Уже из-под деревьев, как из-под низко надвинутых клобуков, выбивались первые начатки неочнувшегося утра. Светало приступами, с перерывами. Морского гула вдруг как не бывало, и стало еще тише, чем прежде. Неизвестно откуда берясь, слащавый и учащающийся трепет пробегал по деревьям. Чередом, пошпалерно, отшлепав забор своим потным серебром, они снова надолго впадали в сон, только что нарушенный. Два редких алмаза розно и самостоятельно играли в глубоких гнездах этой полутемной благодати: птичка и ее чириканье. Пугаясь своего одиночества и стыдясь ничтожества, птичка изо всех сил старалась без следа раствориться в необозримом море росы, неспособной собраться с мыслями по рассеянности и спросонья. Ей это удавалось. Склонив головку набок и крепко зажмурясь, она без звука упивалась глупостью и грустью только что родившейся земли, радуясь своему исчезновению. Но сил ее не хватало. И вдруг, прорвав ее сопротивление и выдавая ее с головой, неизменным узором на неизменной высоте зажигался холодной звездой ее крупный щебет, упругая дробь разлеталась иглистыми спицами, брызги звучали, зябли и изумлялись, будто расплескали блюдце с огромным удивляющимся глазом. Но вот стало светать дружнее. Сад весь наполнился сырым белым светом. Тесней всего свет этот льнул к оштукатуренной стене, к усыпанным хрящом дорожкам и к стволам тех фруктовых деревьев, которые были обмазаны каким-то купоросным, беловатым, как известь, составом. И вот, с таким же мертвенным налетом на лице, по саду проплелась только что вернувшаяся с поля мать ребенка.
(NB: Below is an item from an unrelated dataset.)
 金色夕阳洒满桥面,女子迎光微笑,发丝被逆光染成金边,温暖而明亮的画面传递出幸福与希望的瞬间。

Она не останавливаясь, подкашивающимся шагом прошла наперерез к задам, не замечая, что топчут и в чем тонут ее ноги. Опускающиеся и подымающиеся грядки бросали ее вверх и вниз, как будто ее волнение еще нуждалось во взбалтывании. Перешедши огород, она приблизилась к той части забора, за которой виднелась дорога к лагерям. К этому месту направлялся мичман, собираясь перелезть через ограду, чтобы не обходить сада кругом. Зевающий восток нес его на ограду, как белый парус сильно накренившейся лодки. Она дожидалась его, держась за заборные балясины. Видно было, что она собирается что-то сказать и полностью приготовила свое короткое слово.
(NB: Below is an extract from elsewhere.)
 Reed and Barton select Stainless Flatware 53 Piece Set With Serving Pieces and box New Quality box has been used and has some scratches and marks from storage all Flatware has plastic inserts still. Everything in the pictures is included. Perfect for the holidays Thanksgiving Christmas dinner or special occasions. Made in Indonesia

Та же близость недавно пролившегося или ожидающегося дождя, что и наверху, чувствовалась на берегу моря. Откуда мог происходить гул, всю ночь слышавшийся по ту сторону полотна? Море лежало, холодея, как нартученный испод зеркала, и лишь легко спохватывалось и всхлипывало по ободкам. Горизонт уже желтел болезненно и злобно. Это было простительно заре, прижавшейся к задней стене огромного, на сотни верст загаженного хлева, где во всякую минуту могли взбеситься и подняться со всех концов волны. Теперь же они ползали на брюхе и чуть заметно терлись друг о дружку, словно несметное стадо черных и скользких свиней.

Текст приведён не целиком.